Glauben Sie an die Wissenschaft?

Philosophie – eine Wissenschaft im Elfenbeinturm? Weit gefehlt! Das Forschungsinstitut für Philosophie Hannover macht es sich für jede neue Ausgabe des Journals zur Aufgabe, herauszufinden, was die Menschen auf der Straße von den philosophischen Fragen halten, die im Institut erforscht werden. Pünktlich vor Redaktionsschluss führen wir dementsprechend eine streng wissenschaftlich kontrollierte Studie durch: Wir schreiten zum Kröpcke, der Agora Hannovers, und stellen allen Passant*innen, die uns über den Weg laufen, dieselbe Frage – jedenfalls normalerweise. In Zeiten der Pandemie haben wir den Marktplatz kurzerhand virtualisiert und Menschen im digitalen Raum auf ein kurzes Gespräch angehalten. Auf den Spuren des Sokrates, aber bar jeder Ironie.

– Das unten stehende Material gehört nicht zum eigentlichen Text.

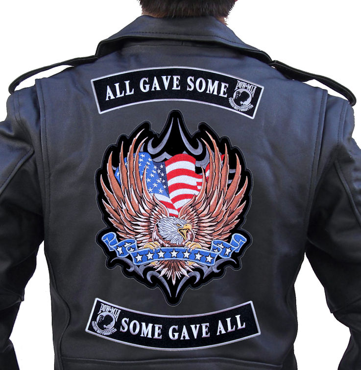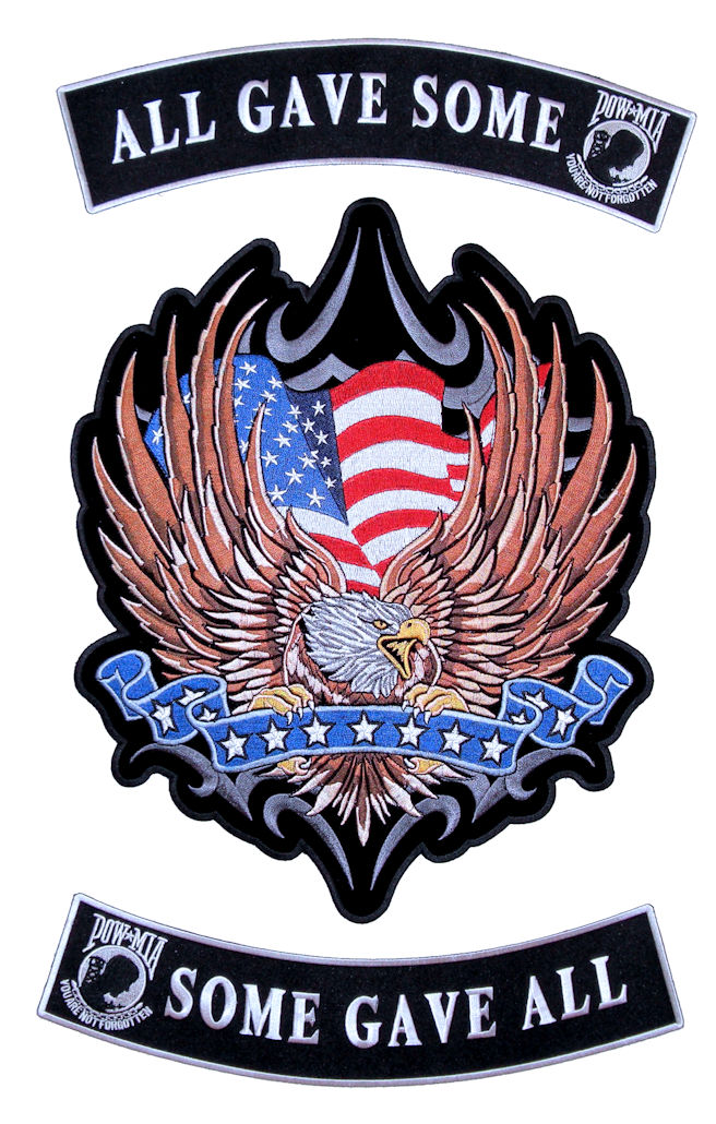 The top and bottom rocker patches say “All Gave Some, Some Gave All” with the POW-MIA logo in white. It is a great patch set with lots of detail. Can be sewn or ironed on. Main patch measures 11 inches wide by 13 inches high. Each rocker patch measures 12 inches wide by 3.5 inches high.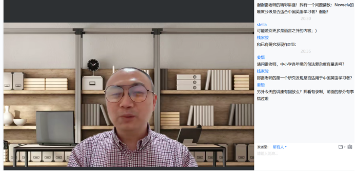 第二项研究是关于二语写作历时研究。雷蕾以1081名中国大学生在连续四个学期内所写的二语作文为语料,分析了句法复杂度的历时变化以及英语水平和体裁差异。研究表明,随着时间的推移,二语作文的句子长度、并列句和短语复杂度指数明显增加,而从句指数明显下降;学生的写作风格变得更加正式,表现出更突出的学术语篇特征。此外,研究表明学生水平和写作体裁对大多数句法复杂度指标均有显著影响。该研究补充了现有写作发展模式,为二语写作教学与研究提供了一定的启示。雷蕾另就ChatGPT应用、学术论文写作等问题,与线上听众展开了交流与讨论。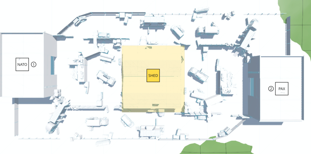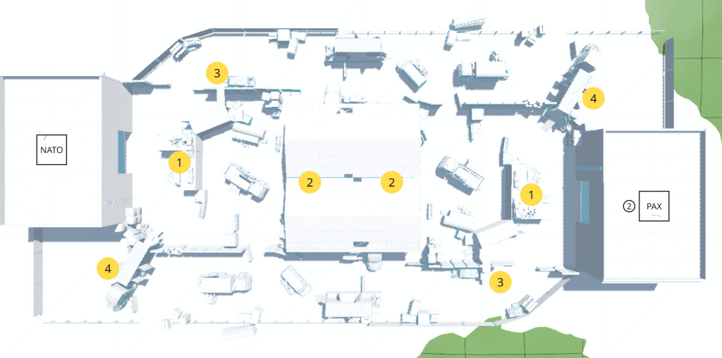 The map is set within a partially constructed warehouse that has been remotely destroyed by the PAX ARMATA. In response, NATO deploys an elite squad to escort cargo trucks and evacuate critical supplies, while PAX ARMATA ground special forces simultaneously land in the area, making a direct confrontation inevitable.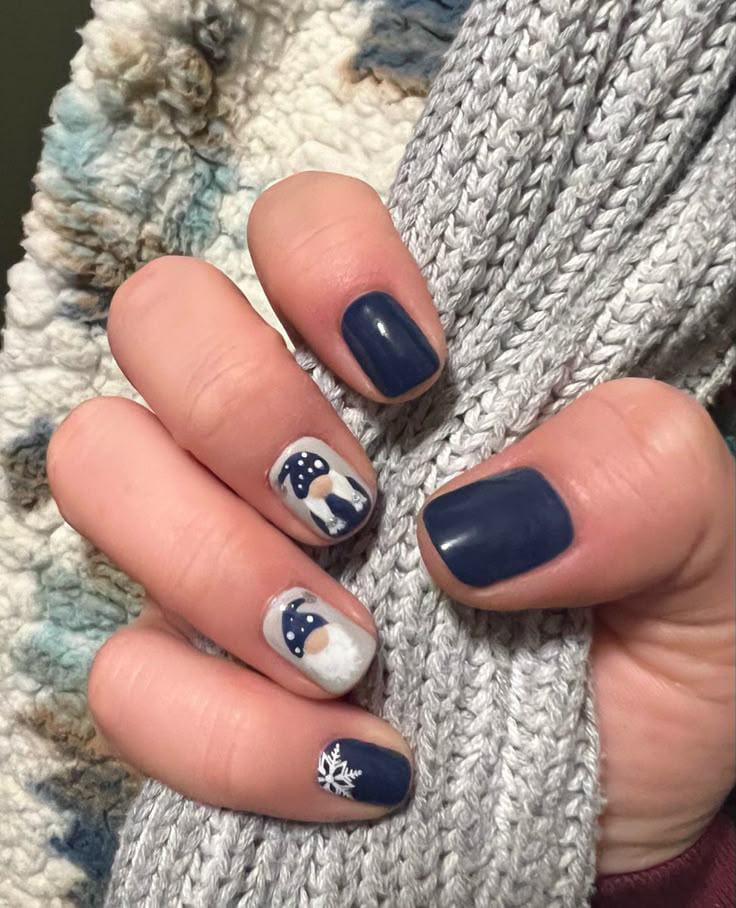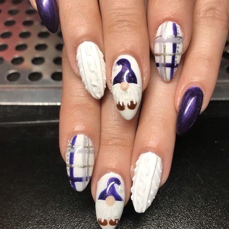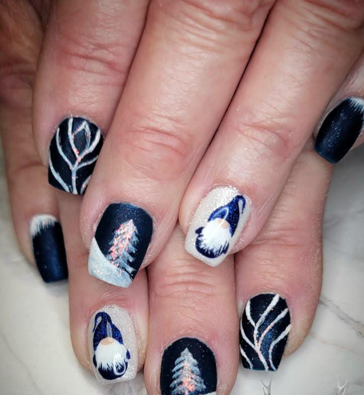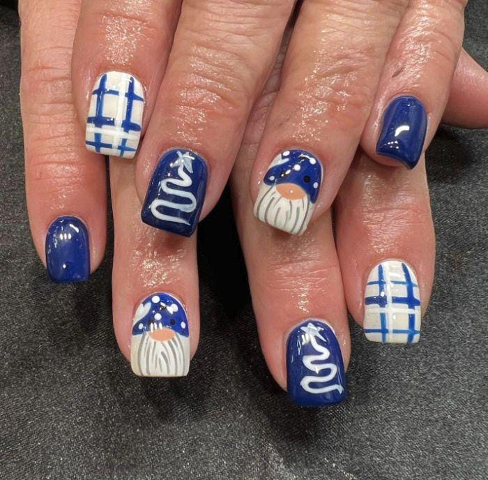 A bold mix of navy blue and white gives this manicure a cool winter vibe, with plaid patterns, gnome faces, and swirly white accents that feel both fun and frosty.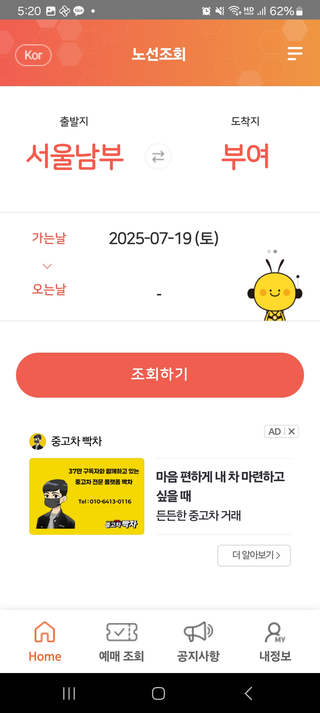 날짜를 선택해서 조회하면 시간대별로 버스가 표시되요. 시간이 1시간~1시간반 간격으로 있어서 부여가는데 큰 어려움이 없네요!

Spätestens die Klimakrise und jüngst die Corona-Krise haben die Wissenschaften in den Fokus gesellschaftlicher Debatten gerückt. Angesichts dieser Krisen scheinen Gesellschaften auf hochspezialisiertes Wissen und dessen Vermittlung angewiesen zu sein. Welche Rolle geben wir der Wissenschaft dabei? Welche Fragen kann sie überhaupt beantworten? Welche Erwartungen und Hoffnungen tragen wir an sie als Problemlösungsinstanz heran? Und welches Vertrauen haben wir gegenüber wissenschaftlichen Institutionen und Expert*innen. Gerade dort, wo die Entstehung wissenschaftlicher Erkenntnis nicht mehr vollständig und kritisch von uns nachvollzogen werden kann. Bleibt dann nur der Glaube an die Wissenschaft? Und um was für einen Glauben handelt es sich dabei?*

* Alle Namen sind frei erfunden.

 

weiter denken: Glauben Sie an die Wissenschaft?

Tamara: Ja.

weiter denken: Sie scheinen sich sehr sicher zu sein.

Tamara: Die haben ja schon einiges herausgefunden. Ganz egal, zum Beispiel mit dem Impfstoff und so.

weiter denken: Heißt das, der Erfolg gibt ihnen Recht?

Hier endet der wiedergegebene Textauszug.